The petite, always smartly dressed 35-year-old was found naked on the bed in her Worcester flat, her hands tied tightly behind her back and a dressing gown cord tied even tighter around her neck.

Jackie’s body had lain in the Lansdowne Rise apartment for about a week in September 1990 before being discovered.

Ron Page, who was caretaker of the development, told police that neighbours rarely saw the dark haired woman who lived alone. “She has been here for 12 months and I have only spoken to her twice in all that time,” he said. “I don’t think she went to work. I didn’t see her going out in the mornings or coming back in the evenings. At the most I used to see her twice a week walking from her flat. She was always very smart, but looked very, very pale, almost as if she was ill.”

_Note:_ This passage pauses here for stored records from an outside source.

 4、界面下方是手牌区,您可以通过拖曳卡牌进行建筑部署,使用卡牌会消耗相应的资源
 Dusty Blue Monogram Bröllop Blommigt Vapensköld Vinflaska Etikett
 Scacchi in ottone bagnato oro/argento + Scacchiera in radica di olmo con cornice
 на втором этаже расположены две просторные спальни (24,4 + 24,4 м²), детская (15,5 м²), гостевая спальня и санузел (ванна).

It transpired that Jackie Pedlingham had a husband from whom she was separated, but that wasn’t the door police knocked on a few hours after the gruesome discovery. That belonged to a male friend, David Taylor, aged 44 and a former steward on cruise liners, who was originally from London but had moved up to Worcester and was renting a place in Ombersley Road.

The couple had met about three months before on a Government training course where Jackie was learning office skills. Lonely after the breakup of her marriage, she was flattered when Taylor asked her out. He seemed pleasant enough and she even took him to tea at her parents home in Tolladine, Worcester, where again he made a decent impression.

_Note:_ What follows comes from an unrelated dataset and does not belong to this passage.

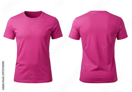 Fototapeta - A magenta tshirt is displayed from the front and back on a transparent background

But David Taylor was hiding a dark past, the worst of which did not come out until the eve of his trial. For starters, when he first met Jackie, Taylor had only just been released from prison for possessing a sawn off shotgun. But that wasn’t even the half of it. In 1983 he had been given an eight-year jail term for a horrific rape in an Oxford sex shop.

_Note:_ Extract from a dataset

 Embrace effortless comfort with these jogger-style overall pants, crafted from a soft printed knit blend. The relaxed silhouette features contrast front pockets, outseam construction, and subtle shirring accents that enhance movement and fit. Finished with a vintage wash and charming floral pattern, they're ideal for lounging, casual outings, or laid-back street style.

Taylor, who had a long record of petty crime, went into the premises looking for the owner who owed him money. When the man left the shop, Taylor turned on his assistant, a married woman in her 20s.  In a sinister preview of his attack on Jackie, he threatened the young woman with a walking stick before tying her hands behind her back and frogmarching her upstairs. There he threw her on to a double bed, raped her and then tried to throttle her with an electric flex before fleeing.

But that time the victim did not die. She recovered and was able to identify her attacker.

Taylor’s explanation for killing Jackie was bizarre. He told police the couple were engaged in a sex bondage session in her flat when she began to plead with him to make their casual relationship more permanent, something he did not want.

So he strangled her.

His trial was set for Worcester Crown Court in November 1991 but there were still two twists in the tail-end of the evil life of David Taylor.

In a phone call from his remand cell in Winson Green prison, Birmingham, to his probation officer in Worcester, Taylor claimed he had killed before.

“I have killed two people,” he said. “ One was 20 years ago, somebody no-one knows, and the other was recently. Now I am killing myself.”

He did too. When prison officers went to his cell on the eve of his trial, they found David Tayor dead from a drugs overdose. Instead of taking his prescription drugs he had been hiding them and then swallowed the lot in one fatal dose.

Because of staff shortages the Home Office had stopped the practice of prison officers watching inmates to make sure they took their prescriptions, with inevitable results.

Taylor had been on a cocktail of powerful anti-depressants, tranquilisers and sleeping pills, which he stashed away.

Jackie Pedlingham’s parents,  Reg and Sheila Vaughan, were preparing to leave home on the first morning of Taylor’s trial when police rang to tell them he had committed suicide.  “David Taylor took the coward’s way out,” said Mr Vaughan, “But Jackie got her revenge on him in the end.”